And in the visual art world as a whole? In the 80’s and 90’s it became more and more characterized by travel, the moving around of people and objects from city to city, ultimately with the effect of killing off regionalism. Museums embraced the notion of a “world class” which meant that in effect all museums inb the world should have the same collection. The year now abounds with art fairs, biennials, art festivals and prizes, that constitute the circuit parties for this new jet set. People go around the world to see the same narrow set of compatriots and works, and of course each other. This is an internationalism divorced from any political thought, it is the market that whips everyone and everything along, hither and yon . Travel feels like experience, but it is not, and the work of art is not something lived with, but something primarily glimpsed in a booth on the way to another exhausted meeting. We have not yet seen the final fallout of this, but I glimpse it’s effects in the shell shocked way that my students turn this way and that in search of a reason to make anything.

Hmm, perhaps an essay called “How the idea of a Modern Art market stole New York”

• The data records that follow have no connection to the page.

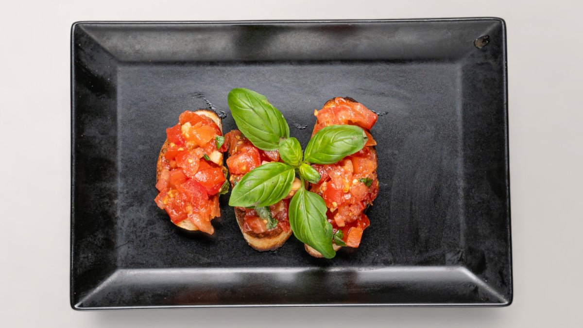 mit Tomatenwürfeln, Olivenöl und Basilikum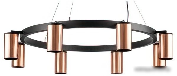 Подвесная люстра Lightstar Rullo LR018308 имеет современный дизайн и красиво сочетается с любым интерьером. Она располагается на потолке и включает восемь ламп с мощностью по 400 Вт каждая, что обеспечивает хорошее освещение комнаты. Каркас и плафоны сделаны из металла, что обеспечивает прочность и долговечность. Цвет каркаса — черный, а плафоны — медные, что придает изделию стильный вид. Люстра крепится на планку, что позволяет удобно установить её на потолке. Размеры — ширина 93 см и высота 125 см. Используются цоколи GU10, лампочки в комплект не входят. Этот светильник отлично подойдет для просторных комнат, создавая яркое и равномерное освещение.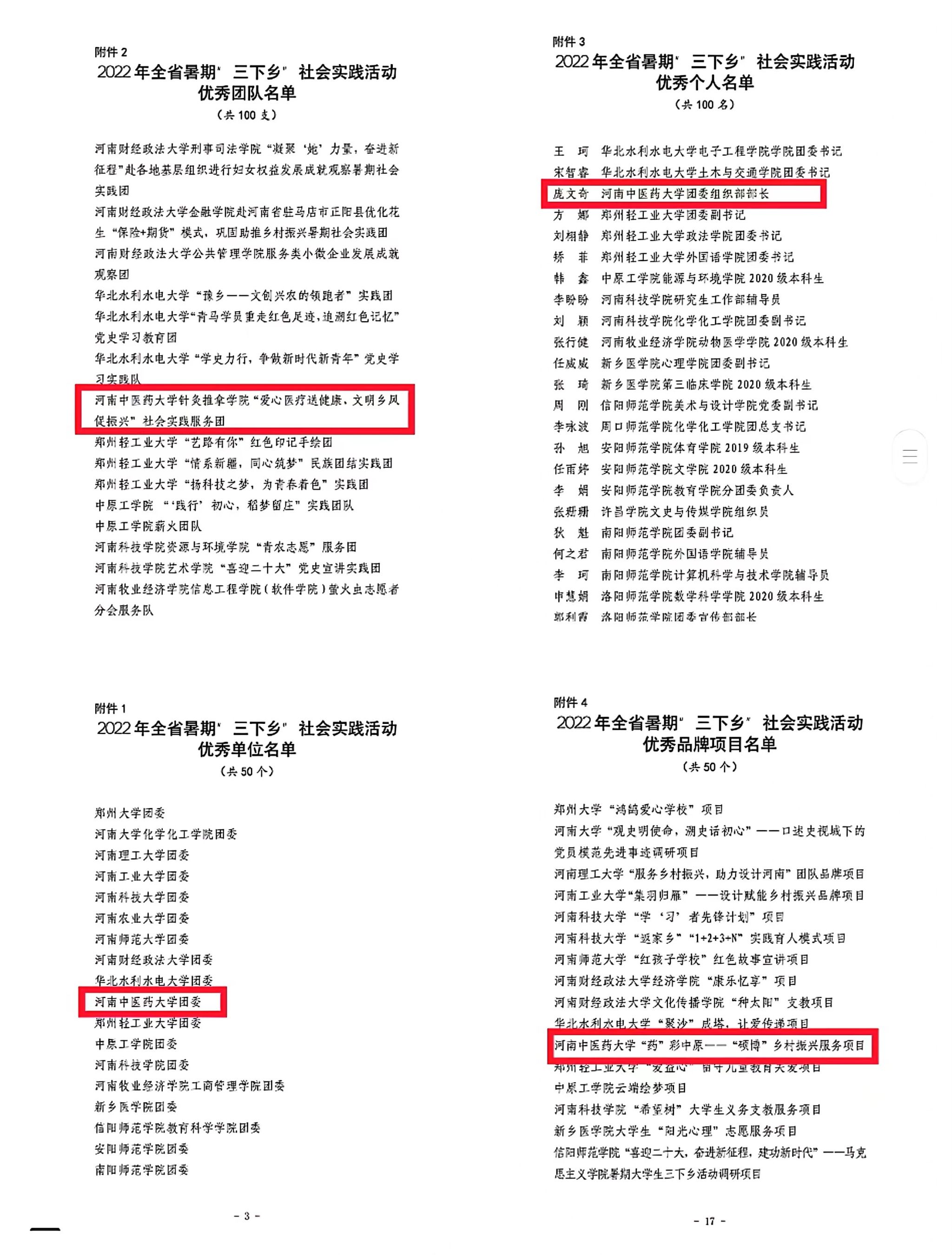 本网讯(文/图 庞文奇)近日,团省委办公室下发《关于开展2022年度全省社会实践活动总结工作的通知》。leyu·乐鱼(中国)体育官方网站团委被评为2022年全省暑期“三下乡”社会实践活动优秀单位,leyu·乐鱼(中国)体育官方网站针灸推拿学院“爱心医疗送健康,文明乡风促振兴”社会实践服务团被评为优秀团队,校团委庞文奇被评为优秀个人,药学院“药”彩中原——“硕博”乡村振兴服务项目被评为优秀品牌项目。
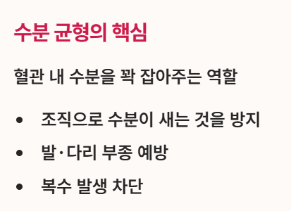 가장 대표적인 알부민 효능은 혈관 안팎의 수분 균형을 맞추는 삼투압 조절입니다. 알부민이 혈관 내 수분을 꽉 잡아주는 알부민 효능 덕분에 수분이 조직으로 새어 나가지 않아 몸이 붓는 부종을 막아줍니다. 만약 알부민 효능이 떨어지면 발이나 다리가 붓고 심한 경우 복수가 찰 수 있습니다.

Last night one of my students told me that she had been advised to stop painted the way she did because “abstract expressionist painting had failed” by one of my fellow faculty. I was and remain flummoxed. Failed to do what? She does have problems with her work, but honestly, not because she is working in some ‘Failed” manner. I wish I could summon the certainty to say something so silly. Assertions like that seem to me do be enormous denials of responsibility, the instructor being lazy in their response to the work and turning it around on the student . Plenty of times I walk into a graduate students studio and find myself at a loss or profoundly unsympathetic to what they’re doing. But it isn’t my job to stop them.

0 Comments +

  1. who taught us, and what do we teach?

    People trying to tell others what to paint I always find funny/sad.*

    Did you have Jim Sullivan while you were at Bard? He had lots of other problems, but I thought he had one thing right: when you were in his class, he listened to what YOU wanted to make, not what he thought you should be making. Very flexible and open, which led to different and bigger challenges to the students than just conforming to a dominant personality.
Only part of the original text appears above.